TASK OBJECTIVE:
Reproduce the data in full, exactly as given, leaving images out.

DATA SEGMENT:
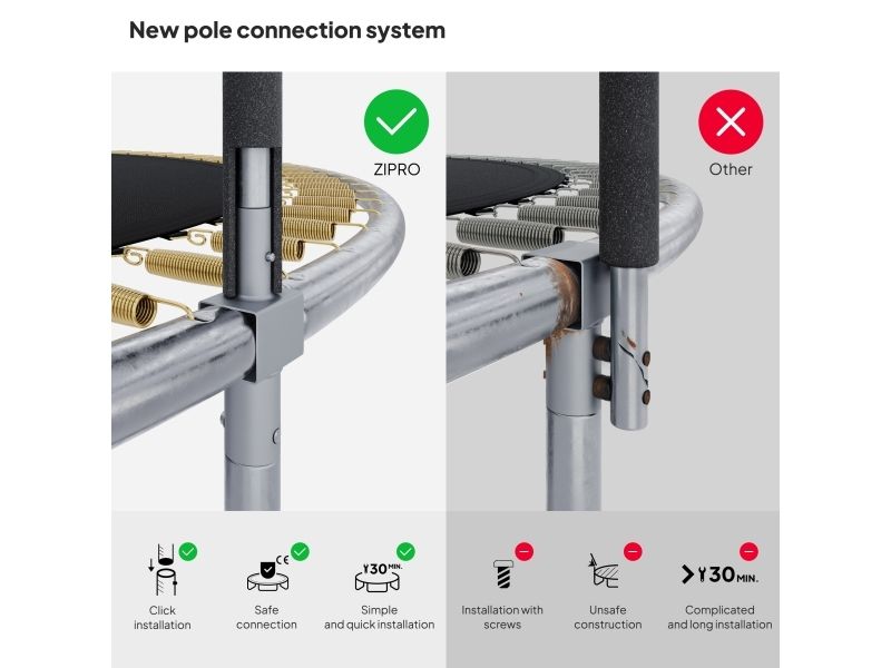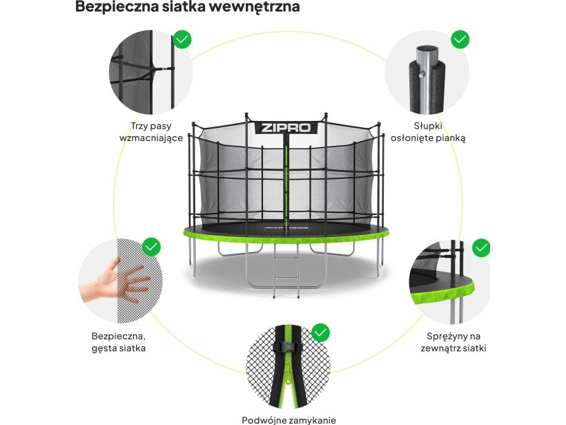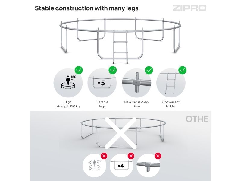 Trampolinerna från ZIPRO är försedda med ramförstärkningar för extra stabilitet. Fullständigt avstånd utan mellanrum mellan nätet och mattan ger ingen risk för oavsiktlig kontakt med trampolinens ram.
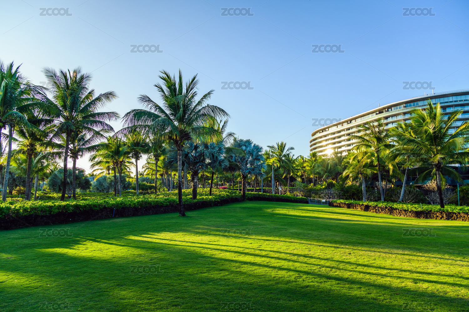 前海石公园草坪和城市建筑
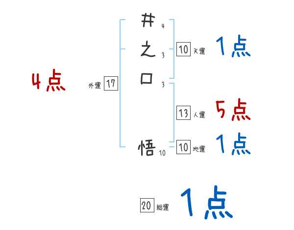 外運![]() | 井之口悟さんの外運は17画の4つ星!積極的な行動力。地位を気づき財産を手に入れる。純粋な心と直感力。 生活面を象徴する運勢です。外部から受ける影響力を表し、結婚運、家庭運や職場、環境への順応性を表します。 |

TASK RESPONSE:
 Trampolinerna från ZIPRO är försedda med ramförstärkningar för extra stabilitet. Fullständigt avstånd utan mellanrum mellan nätet och mattan ger ingen risk för oavsiktlig kontakt med trampolinens ram.
 前海石公园草坪和城市建筑
 外運![]() | 井之口悟さんの外運は17画の4つ星!積極的な行動力。地位を気づき財産を手に入れる。純粋な心と直感力。 生活面を象徴する運勢です。外部から受ける影響力を表し、結婚運、家庭運や職場、環境への順応性を表します。 |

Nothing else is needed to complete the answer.